Machtesh Ramon Ramon Crater
Machtesh Ramon: Not a Crater, Not a Meteor Impact, and Worth Understanding
The name “Ramon Crater” is a misleading translation. Machtesh Ramon is not a volcanic crater and was not formed by a meteor impact. It is an erosion cirque: a geological formation created over millions of years by water erosion of softer rock underneath a harder layer, leaving an enormous natural amphitheatre when the harder layer eventually collapsed inward. Machtesh is the Hebrew word for this specific geological form, which has no precise equivalent in any other language and exists essentially nowhere else on earth.
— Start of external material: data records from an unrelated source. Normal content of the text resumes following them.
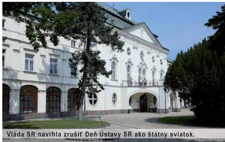
Vláda SR navrhla zrušiť Deň Ústavy SR ako štátny sviatok.

ústave používať ako fakt osobitne v matičnom prostredí priamo späť so štátoprávnym usporiadaním Slovenska prinajmenšom od Memoranda slovenského národa prijatého v Martine v roku 1861 a priamo späť so vznikom SR a jej ústavy v roku 1992.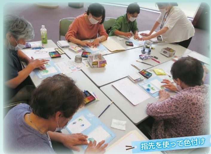
指先を使って色付け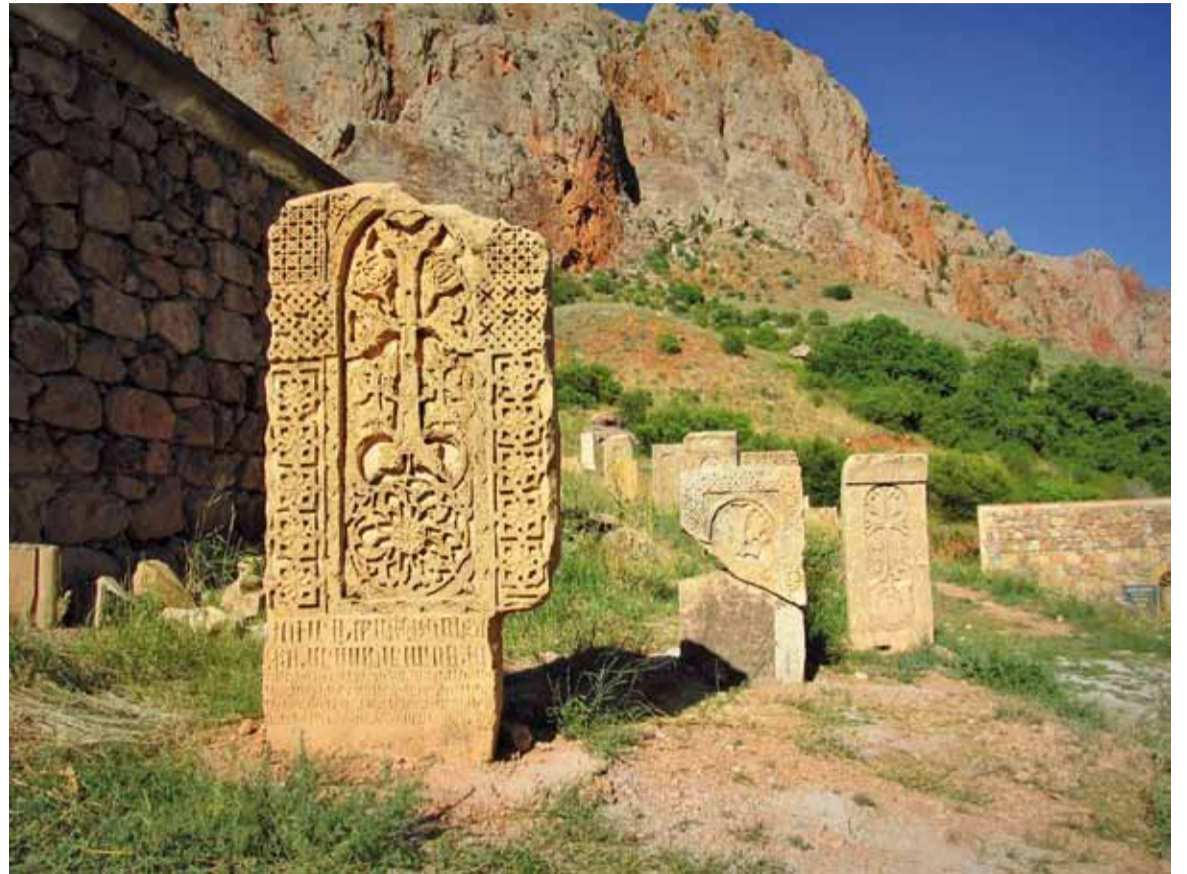
Хачкары — надмагіллі і ўнікальныя творы мастацтва.

Адзіны ацалелы будынак у горадзе — мячэць. Можна падняцца на мінарэт, і тады руіны будуць бачныя да самага далягляду.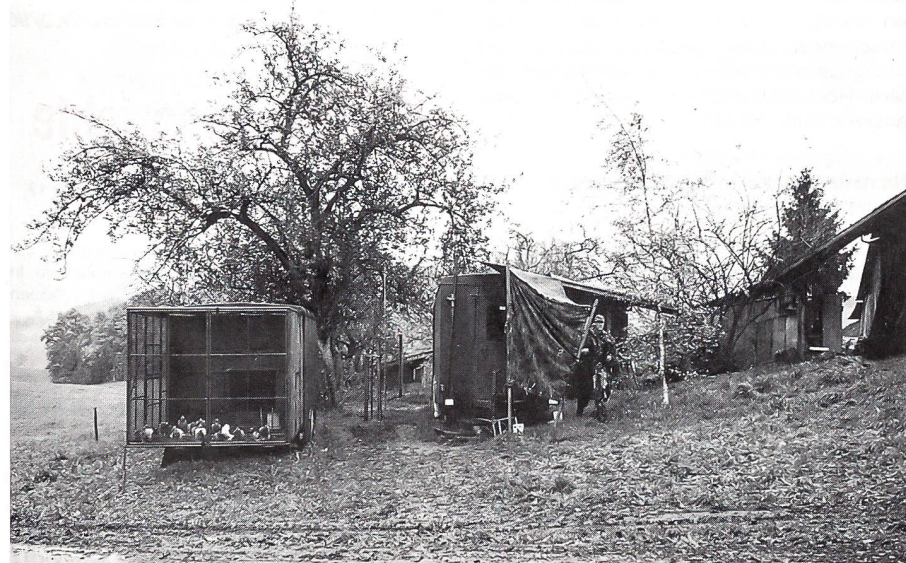
Zwei der sechs mobilen Brieftaubenschläge, deren beflügelte Bewohner einst von Soldaten und neu von Züchtern betreut werden. Die in diesen fahrbaren Schlägen untergebrachten Brieftauben sind ausschliesslich für die Zucht und für wissenschaftliche Studien reserviert. So erhofft man sich etwa neue Aufschlüsse über die Orientierungsfähigkeit der gurrenden Boten.

Zum ersten sind sie ausserordentlich zahm, robust und anpassungsfähig. Dies beruht auf einer versteckten züchterischen Selektion: Während vieler Jahre diente ein bestimmter Taubenstamm als Ausbildungsmaterial für Brieftaubensoldaten, und so wanderten alle Tiere ab, die – aus Brieftaubensicht gesehen – laienhafte Behandlung schlecht ertrugen. Übrig blieben Tauben, die sich rasch an wechselnde Bezugspersonen, tapsige Brieftaubensoldaten und permanente Störungen im Schlag gewöhnen. Solches Laientum findet man aber auch bei wissenschaftlichen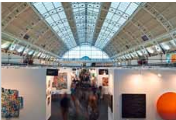
London Art Fair 2014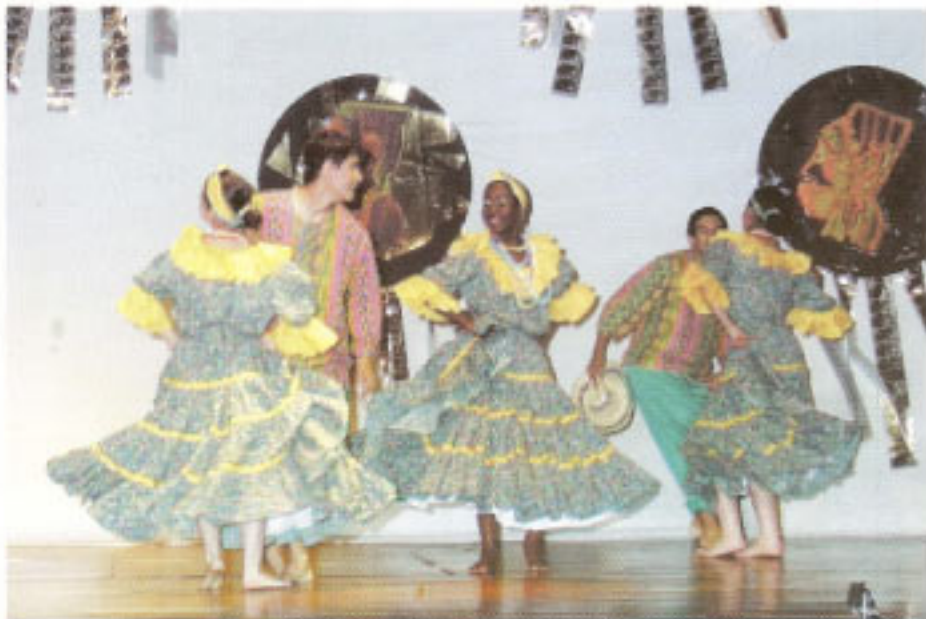
Grupo de danza de la Universidad de la Salle de Bogotá, Presentación en el Día Clásico VI Encuentro de la Identidad.

There are five machteshot in the Negev, and Ramon is the largest: 40 kilometres long, 9-10 kilometres wide, and 400-500 metres deep.
Understanding what you are looking at makes the visit considerably more interesting than simply arriving at a lookout and photographing it.
Mitzpe Ramon is also the first officially designated International Dark Sky Park in the Middle East. On any clear moonless night, the Milky Way is visible to the naked eye from the crater rim.
The Lookout and Visitor Centre
The town of Mitzpe Ramon sits on the northern rim at about 860 metres elevation. The Mitzpe Ramon Visitor Centre (Ramon Crater Nature Reserve) is positioned right at the crater edge, with geological exhibits explaining the formation clearly and permits for crater activities. The view from the rim is genuinely arresting: coloured rock bands in ochre, black, pink, and brown, visible strata from different geological periods, the flat crater floor below dotted with volcanic rock formations. The range of exposed geological periods visible in the crater walls spans approximately 200 million years.
Hiking Into the Crater
Several marked trails descend from the crater rim to the floor. The Shen Crater Trail descends from the visitor centre area in about 45 minutes. From the floor, marked routes cover the volcanic rock field (Har Ardon), the coloured sandstone formations (Prism), and the Makhtesh Canyon section to the south.
The 17-kilometre Blue Trail traverses the crater floor end to end and takes 6-8 hours one way, requiring a car shuttle. Shorter loops from the western or eastern descent points are manageable as half-days.
Hiking after sundown is illegal. Temperatures reach 38-42 degrees in summer (June through September); carry 3 litres of water minimum for any substantial hike, start before dawn, and be back at lower altitudes before 11am in summer. October through April is the ideal hiking window; spring (March-April) can bring desert wildflowers.
Stargazing
Makhtesh Ramon Observatory runs guided stargazing sessions on clear nights; book through the visitor centre or directly with the observatory. In August, a meteor shower is reliably visible from the rim with no equipment required.
Beresheet Hotel
The Beresheet Hotel on the crater rim is the most architecturally dramatic hotel in Israel, cantilevered above the crater edge with glass-fronted rooms looking directly into the geological basin. The infinity pool at the crater edge is the defining image. Expensive at peak Israeli holiday periods; midweek rates are more accessible. If staying here is beyond budget, a dinner reservation provides access to the terrace and the view.
Getting There
Mitzpe Ramon is approximately 200 kilometres south of Tel Aviv. No direct public transport runs from Tel Aviv; buses from Be’er Sheva connect to Mitzpe Ramon several times daily. By car from Tel Aviv: approximately 2.5 hours via Route 40 through the Negev. David Ben-Gurion’s grave at Kibbutz Sde Boker, 30 kilometres north on Route 40, is worth a stop in either direction.